Бежал в порт, распрощавшись с Николаем (может, навсегда). Внезапно останавливает мысль о моём будущем. На углу одного дома остановился, возвращаюсь. Потом плетусь снова в порт. Будет, что будет…
Беда! Корабль уже отплыл? Нет, узнаю, что он сменил причал. Внизу лестницы дружески встречают меня матросы. Еле успел втиснуть в какой-то угол мой узел, как появилась комиссия военного контроля… Сколько страха! Наконец с грохотом поднимается якорь. Издали уже рассматриваем маяк на Херсонесе: первые огни Севастополя теряются в величественной картине ночи. Никогда и ни один из моих выездов не наполнял меня такой радостью жизни! Еду в Царьград! Моя мечта осуществляется. Чувствую, что меня ведёт рука Провидения.
Новороссийск. Эстакадная пристань. Открытка. Нач. XX в.
Вчера в полночь мы плыли вдоль берегов Крыма. По огням я распознавал незабываемые окрестности, вспоминал незабываемые путешествия. Это там случились мои первые художественные пробы, мои блуждания и моя работа на скалах и в пещерах25. Форос, Кикенеиз, вершины, которые поднимаются над Алупкой, многочисленные, неизвестных имён полуострова.
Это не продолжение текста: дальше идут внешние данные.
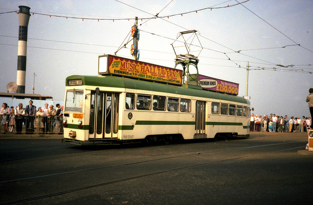 One-man car No 8 Blackpool Tramway centenary 1985
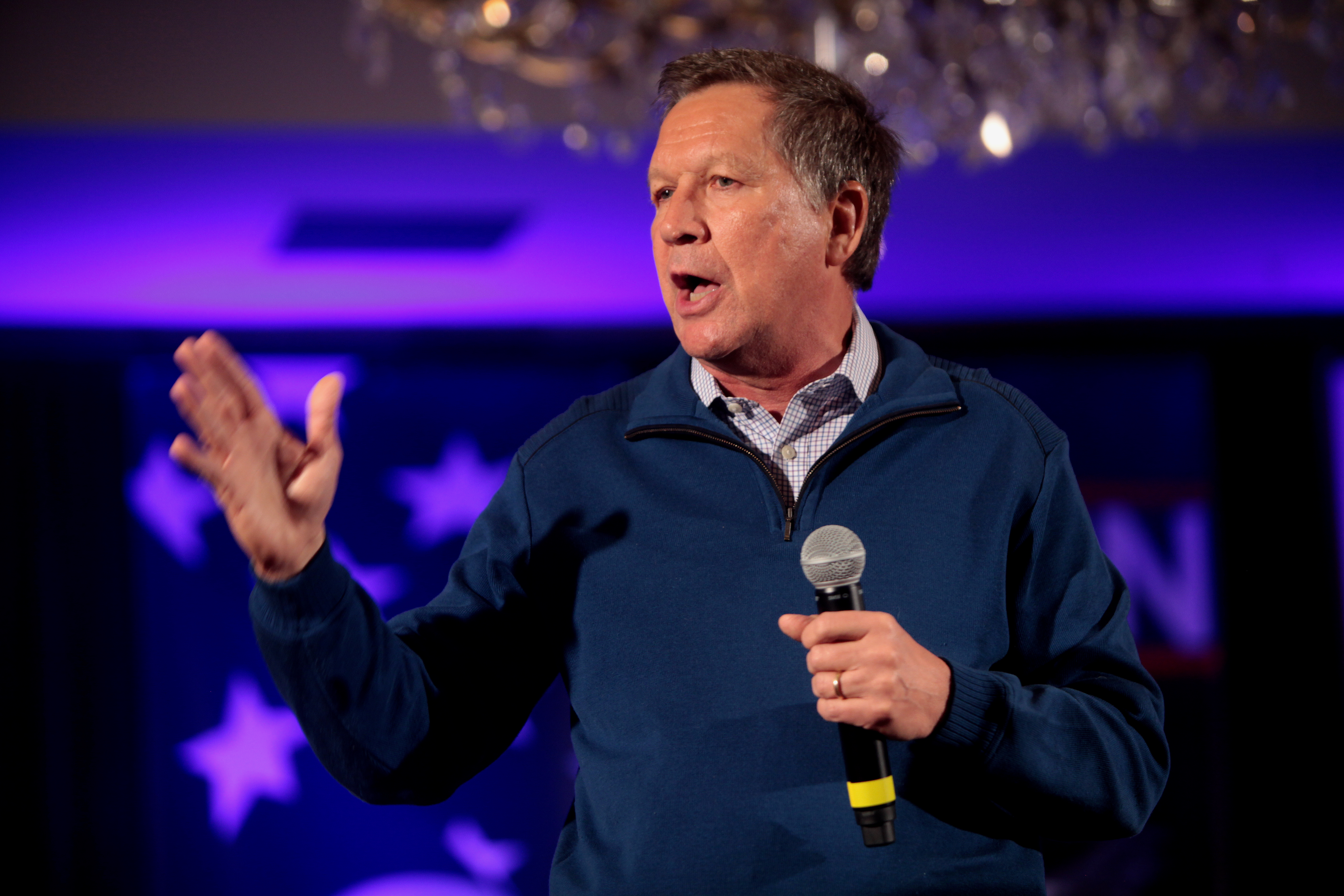 John Kasich speaking at an event in Nashua, New Hampshire.
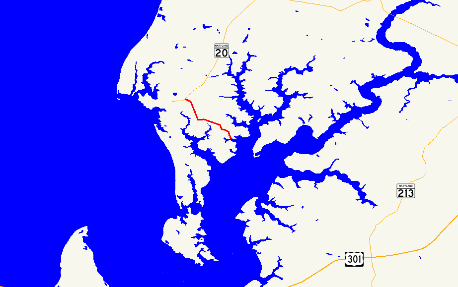 Map of Maryland Route 288
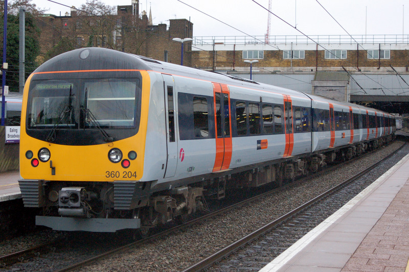 Heathrow Connect 360204 stopping at Ealing Broadway.
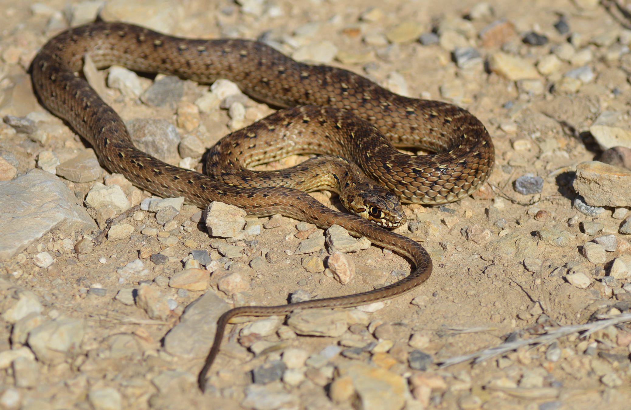 Montpellier Snake in France
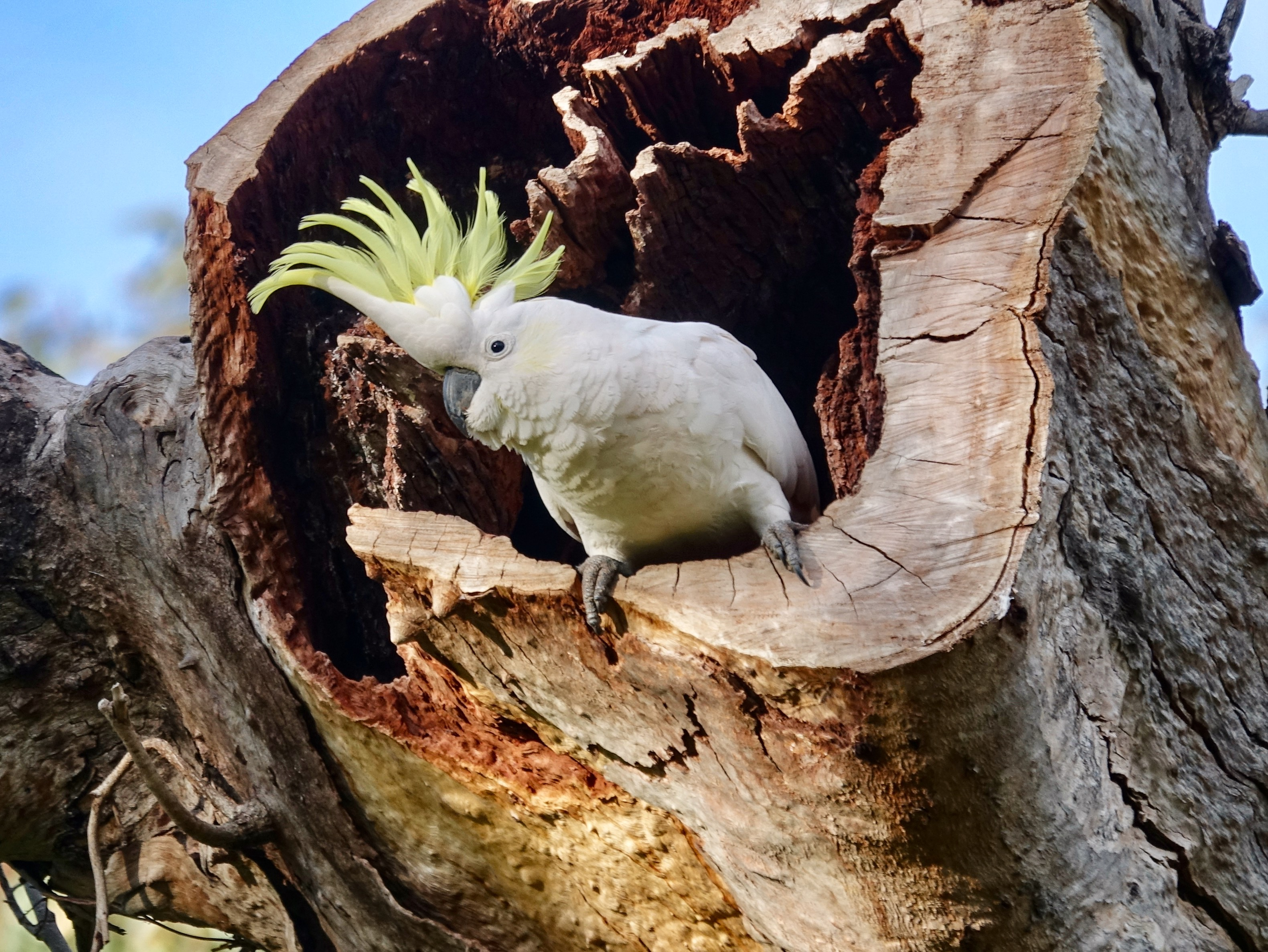 Sulfur-crested Cockatoo
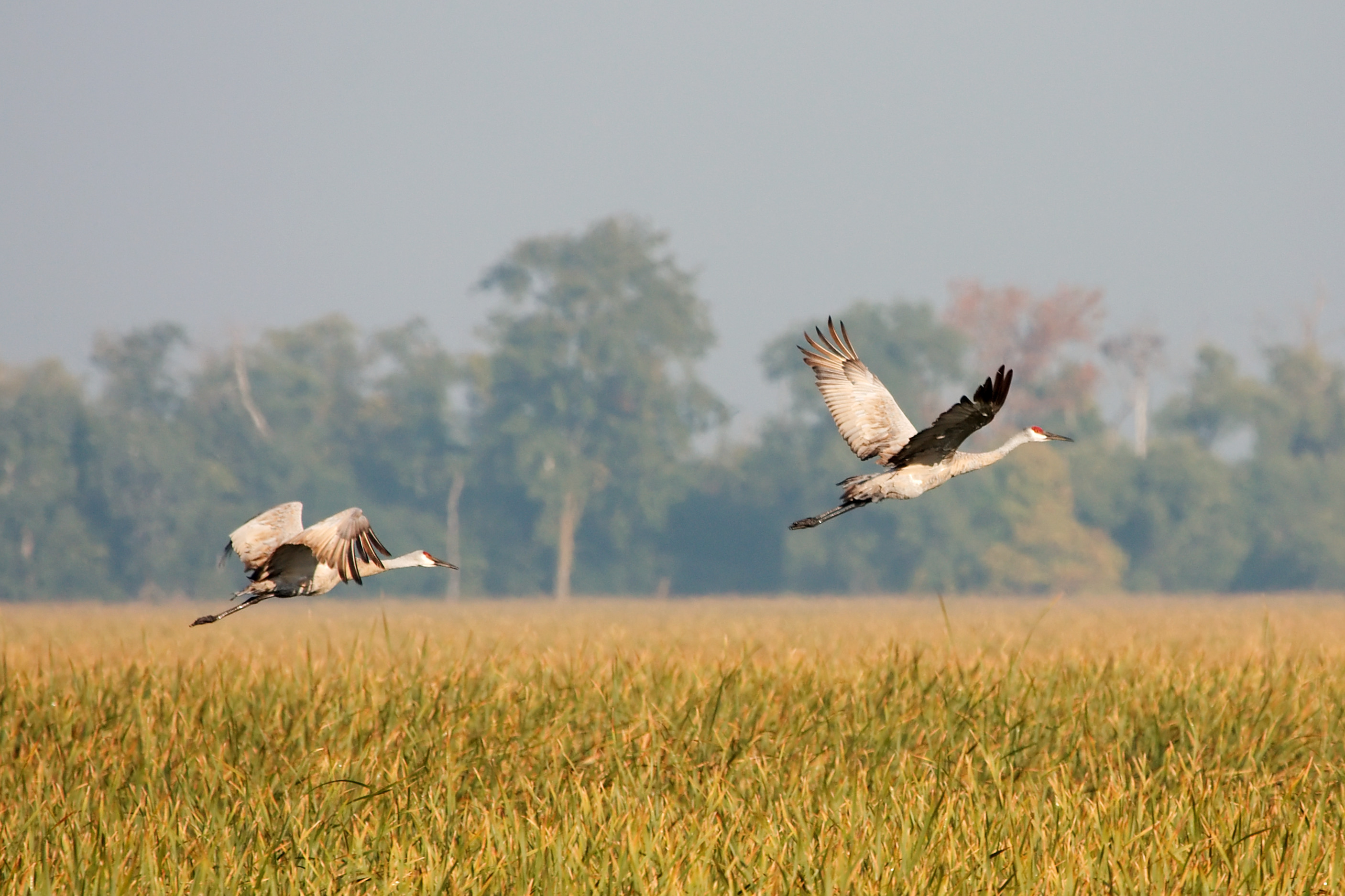 Two Sandhill Cranes (Grus canadensis), flying at sunrise over Horicon National Wildlife Refuge in Wisconsin

В.Д.26 живёт здесь! Сколько воспоминаний! С ним делил я первую радость обретения солнца, цвета. Радость, которую сопровождали бунт и пантеизм памятной эпохи импрессионизма. Той ночью какая-то странная особа – поэтесса – погадала мне… Молодая, бледная, с загадочными, как у кота, глазами.
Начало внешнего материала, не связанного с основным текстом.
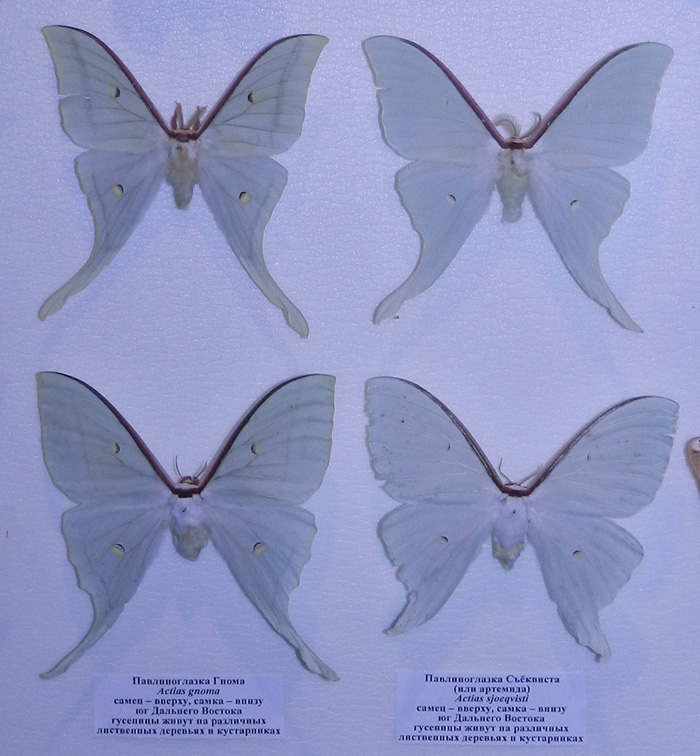 Two Actias species from Russia, males and females
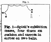 An extreme massé shot by William A. Spinks during an 1893 exhibition game against Jacob Shaefer Sr. Starting from bottom left, his cue ball swerves into and caroms off one object ball, then due to its extreme spin rebounds into the cushion four times before finally rolling away for a perfect, scoring hit on the other ball. And Spinks actually lost this game. Note: This is a derivative work; only the caption was available in large size, so I took the image and massaged the caption into it.
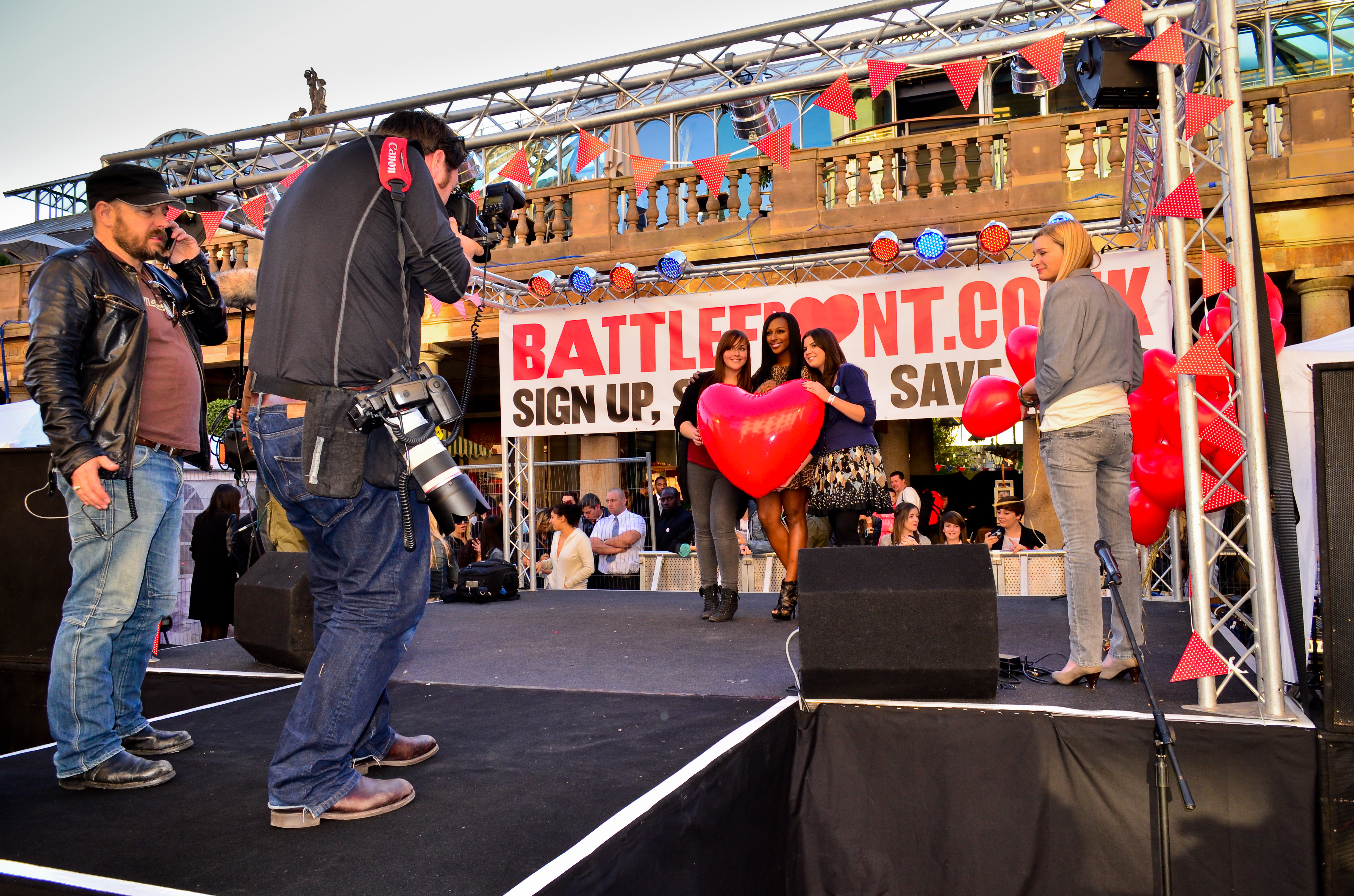 Alexandra Burke and Battlefront got a record number of people to sign up for organ donation in one hour.
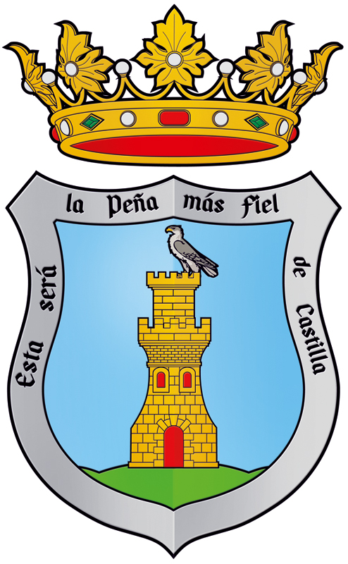 Escudo de Peñafiel (Valladolid, España)
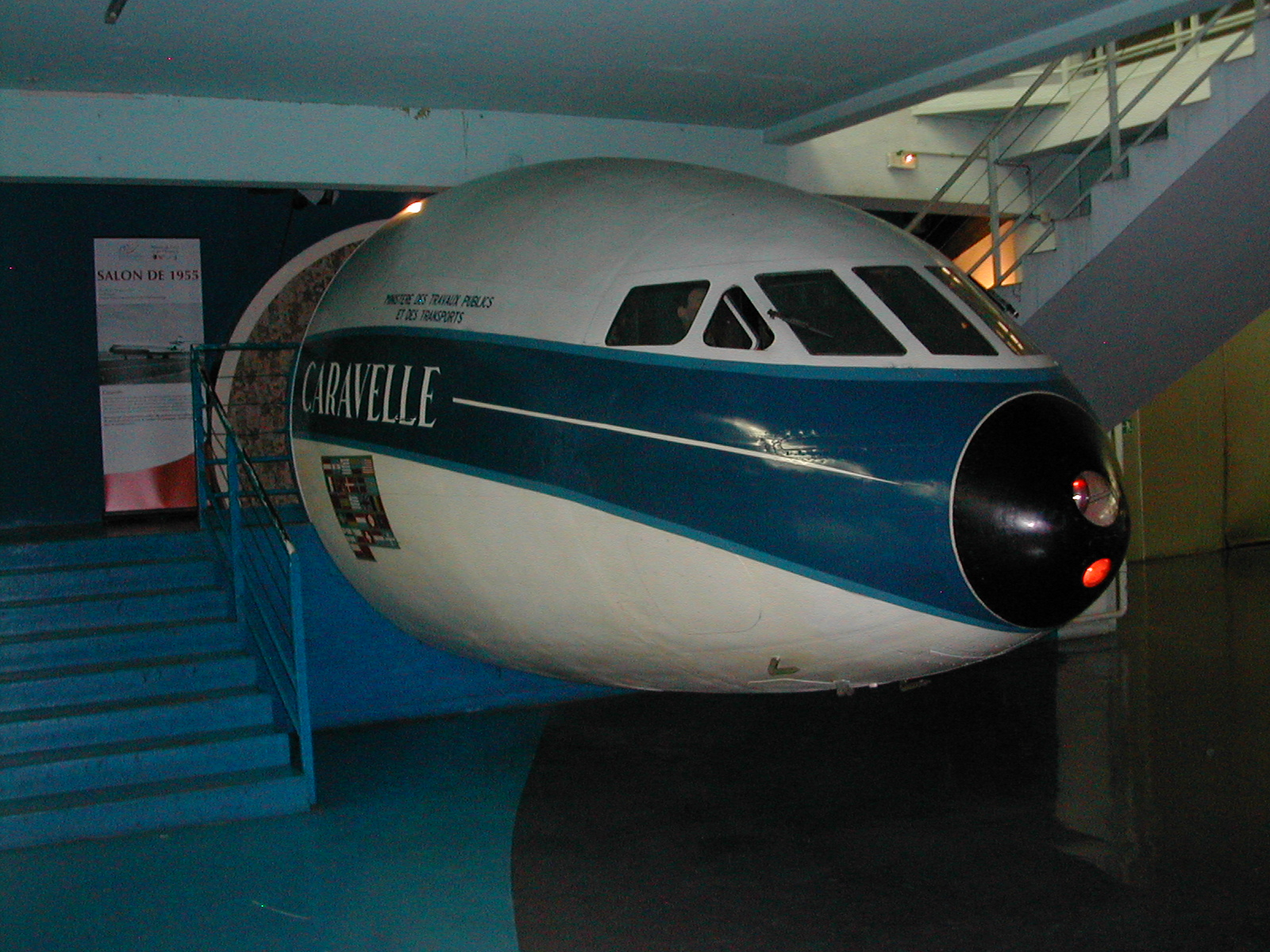 Cockpit of the second prototype of Caravelle in the Air and Space Museum in le Bourget

«Линия искусства очень у вас заметна, вы – художник», – добавила она, бросая удивлённый взгляд на мой плащ. – Вы поедете в Париж, станете знаменитым во всей Европе, женитесь в 1927 году и будете жить до 91 года»27.
25 ноября
С утра укладывают сено. Большие пахучие шары летают в воздухе. Коловорот для подъёма груза грохочет, заикаясь, и издалека слышны могучие сильные удары: бум! бум! бум…
Пенные гребни забегают на мол, за которым глухо бунтует море. Трагические отблески прожекторов погружаются совсем в тёмную ночь, как если бы они были живыми существами и двигали своими гигантскими плавниками. За ними взбаламученное чёрной зелени море, тёмно-синим пятном на нём какой-то остров.
Вокруг меня в тёмном, что вызывает отвращение, трюме, господствует темень. Этим утром мне выдали книжечку матроса второй категории. Охраняемый ею, я проскользнул между отрядами стражи, чтобы осмотреть Новороссийск – его молодой и цветущий порт, который охватил обширным полукругом море.
На рынке грязь непредставимая. Всюду кишат спекулянты. Белый хлеб, всяческая еда. У меня осталось из денег четыре «катеринки» по 25 рублей и один «колокольчик» Деникина (сто рублей)28. Я купил большой круглый хлеб и ещё кое-что, чтобы перебиться первые дни в Царьграде.
Вернулся на корабль в шлюпке, переплывая рейд – зелёный, как ящерица, и широкий, как озеро. Вокруг везде мрачные горы, выщербленные сердитым норд-остом. У их подножий придавленные хатки, огромные здания элеватора и белые трубы цементного завода.
Как это всё живёт в моей памяти! Когда я был студентом, побывал здесь проездом в Красную Поляну29. Там она поднимается на высоту среди эпического пейзажа, узких русел рек, ледников, девственных лесов (помню, в дупло одной сосны я всадил палку размером в два аршина), логовищ медведей, оленей и барсуков. Никогда не забуду рогатых туров, их боёв на недосягаемых горных вершинах. Тут я почувствовал впервые могущество и чары Кавказа, этот единый мир в горах.
26 ноября
Море совсем спокойное. Ноябрьское солнце светит без лучей. На куполе неба застыли неподвижно в полном зените тонкие листочки облаков.
Вчера ночью покинули мы Новороссийск, чтобы вырваться в беспокойное и чёрное море. Тихий месяц светил, окружённый облаками, сильные волны вздымались. Но не было никакого ветра. Высокий мыс проступал бесформенной массой. Будто копья, торчали из воды мачты затопленных кораблей. Эскадра Чёрного моря обрела там в 1918 году свой покой30. Трагическая картина будто пригрезилась мне во сне.